Week 1: Dysrhythmias Flashcards
Depolarization - what does it cause
movement of ions across cell membrane, causing inside of cell to be more positive resulting in contraction
Repolarization
Movement of ions where inside of cell is restored to negative charge
Ectoic
impulse originating from a source other than SA node
Permeability
ability of membrane channel to allow passage of electrolytes once it is open
Absolute refractory period - when is it? what happens to cardiac cells?

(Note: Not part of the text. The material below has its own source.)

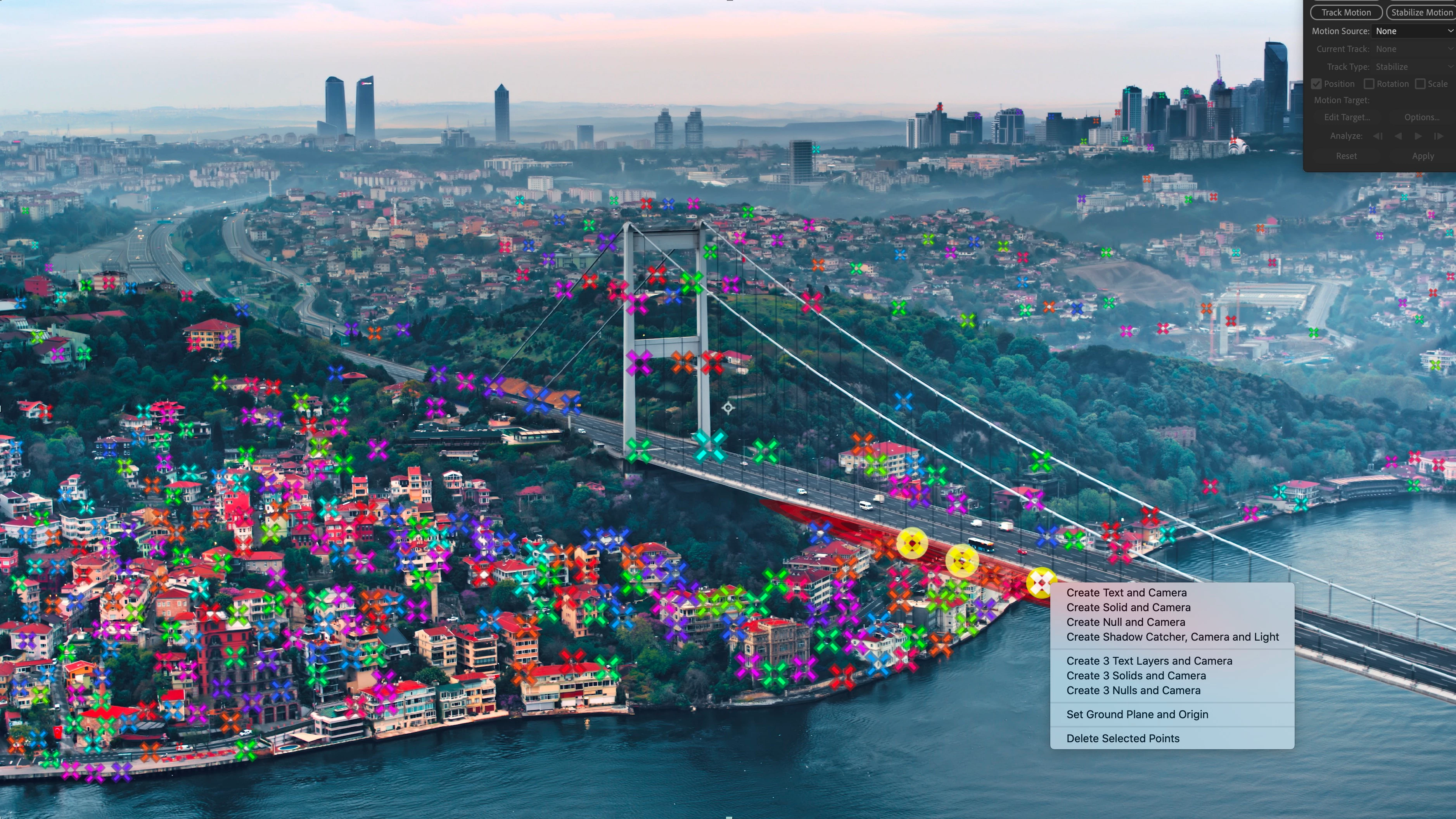 I'm sharing the project and here's a time-lapse video of the workflow. I could have probably sped up the process if I had access to a higher resolution master and done some color correction and masking to get a better track on the bridge deck.

corresponds with onset of QRS complex to approximately the peak of T wave
- cannot be stimulated to conduct electrical impulse no matter how strong the stimulus
Relative refractory period - when is it? what happens to cardiac cells?
downslope of T wave
- can stimulate to depolarize if the stimulus is strong enough
Explain the hearts automaticity
- can contract by itself, independently of any signals or stimulation from body
- contracts in response to an electrical current
what are the areas of conduction
- Sinoatrial node (SA)
- Atrioventricular node (AV)
- Conduction fibers within ventricle - bundle of His, bundle branches, Purkinje fibers
What are the rates of intrinsic pacemakers
- SA node - 60-100bpm
- AV node - 40-60bpm
- purkinje fibers - 15-40bpm
what are 3 examples of impairments that can impact the hearts system?
- ventricular hypertrophy
- valve impairment
- structural integrity (primary cause of weakening)
Cardiac monitoring - what is it? settings where we may use it?
- non-invasive, quick, effective diagnostic tool
- can be 3 or 5 lead: continuous monitoring
- emergency, intensive care units, telemetry units, medical procedures
Cardiac monitoring - what are the 6 things we use it for?
- monitor heart rate
- evaluate effects of disease or injury on heart function
- evaluate pacemaker function
- evaluate response to medications (ex. antiarrhythmics)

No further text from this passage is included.